_Description of the task_. All of the listing should be returned as written, apart from any picture in it.

_Provided material_.
--- START ---
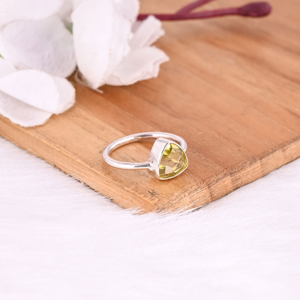 แหวนพลอยเพอริดอททรงทริลเลียนธรรมชาติ ตัวเรือนเงินแท้ 925 ประดับแบบฝังขอบ งานแฮนด์เมด สำหรับผู้หญิง แหวนดีไซน์โดดเด่น
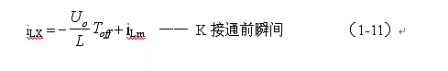 當(dāng)控制開(kāi)關(guān)K由接通期間Ton突然轉(zhuǎn)換到關(guān)斷期間Toff的瞬間,流過(guò)電感L的電流iL達(dá)到最大值:
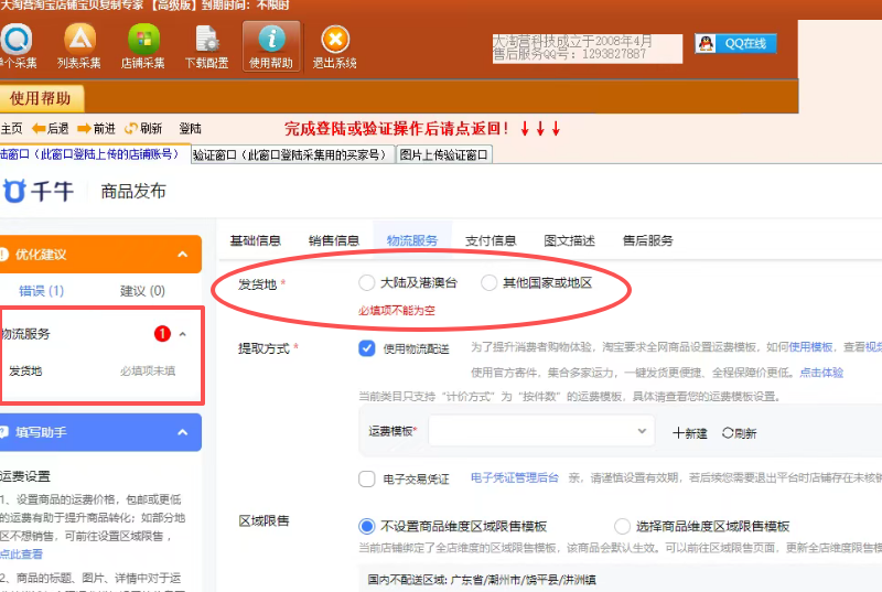 (1)点击“发货地”这个红色错误,定位到“发货地”的位置,选择“大陆及港澳台”;
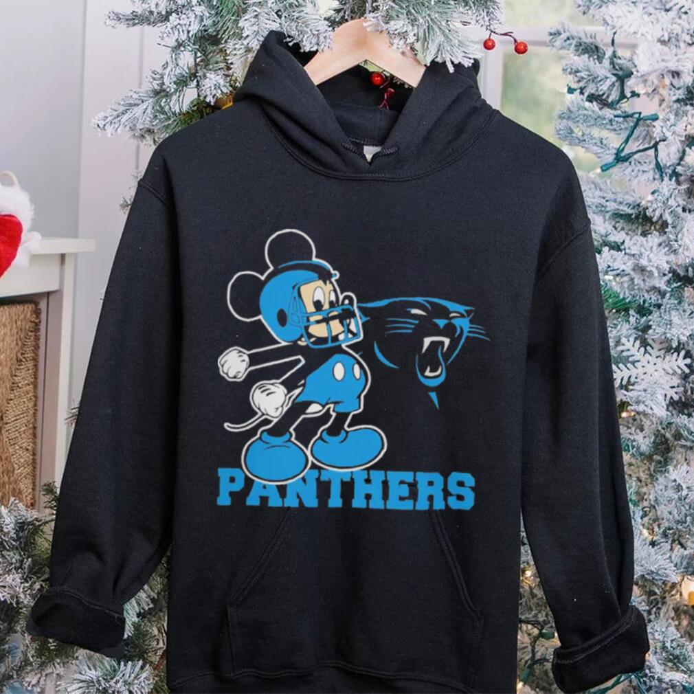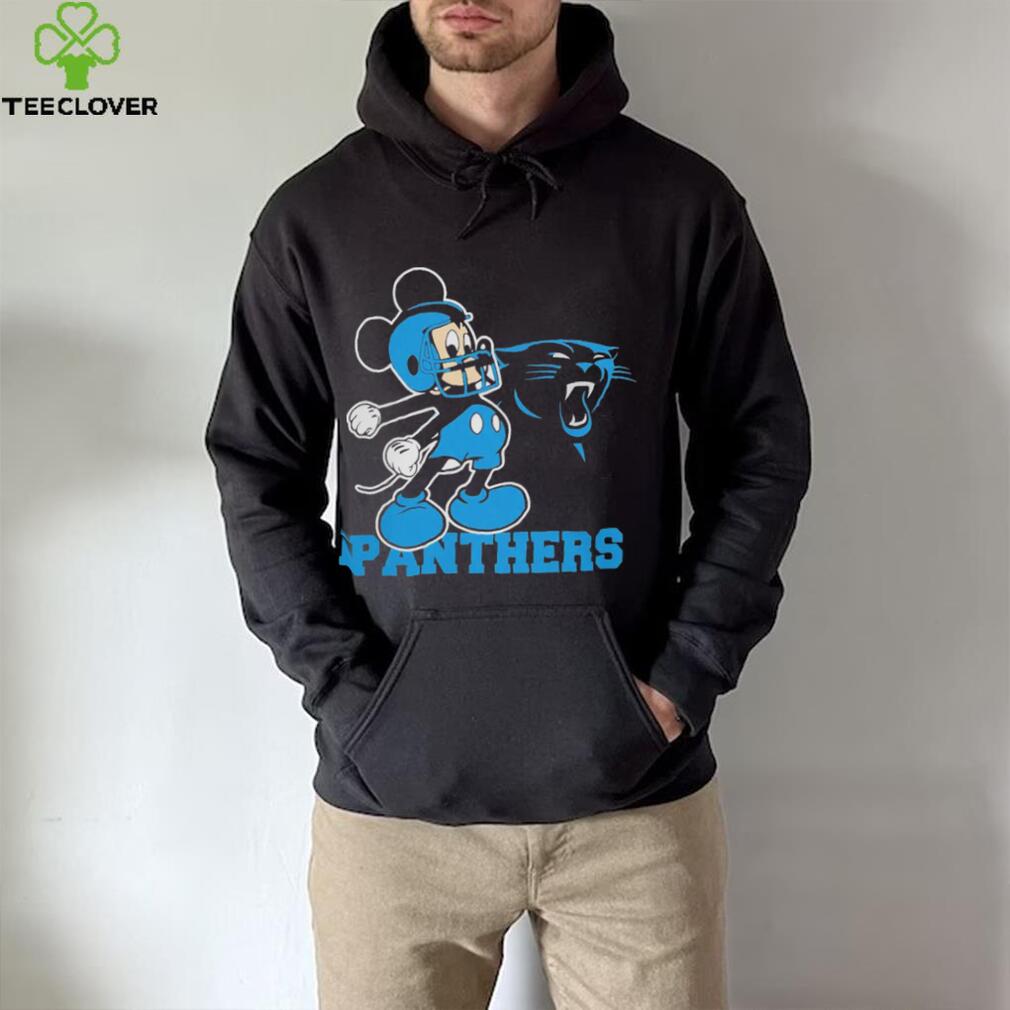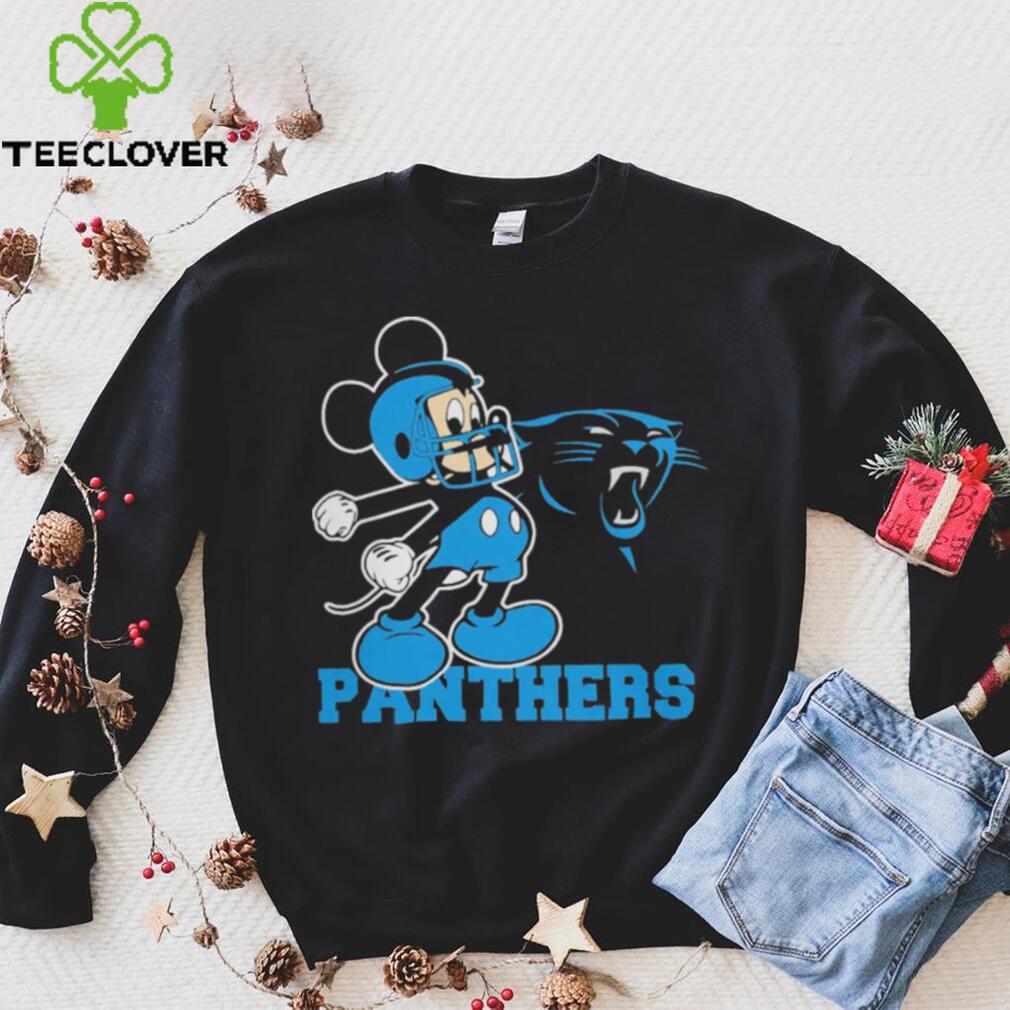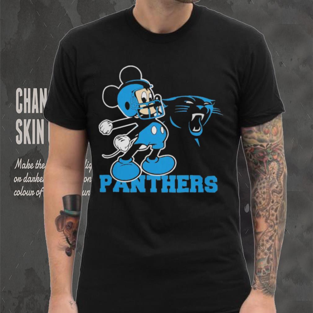 Mickey mouse cartoon Carolina panthers football player helmet logo shirt
--- END ---
_Response to this task_.
 แหวนพลอยเพอริดอททรงทริลเลียนธรรมชาติ ตัวเรือนเงินแท้ 925 ประดับแบบฝังขอบ งานแฮนด์เมด สำหรับผู้หญิง แหวนดีไซน์โดดเด่น
 當(dāng)控制開(kāi)關(guān)K由接通期間Ton突然轉(zhuǎn)換到關(guān)斷期間Toff的瞬間,流過(guò)電感L的電流iL達(dá)到最大值:
 (1)点击“发货地”这个红色错误,定位到“发货地”的位置,选择“大陆及港澳台”;
 Mickey mouse cartoon Carolina panthers football player helmet logo shirt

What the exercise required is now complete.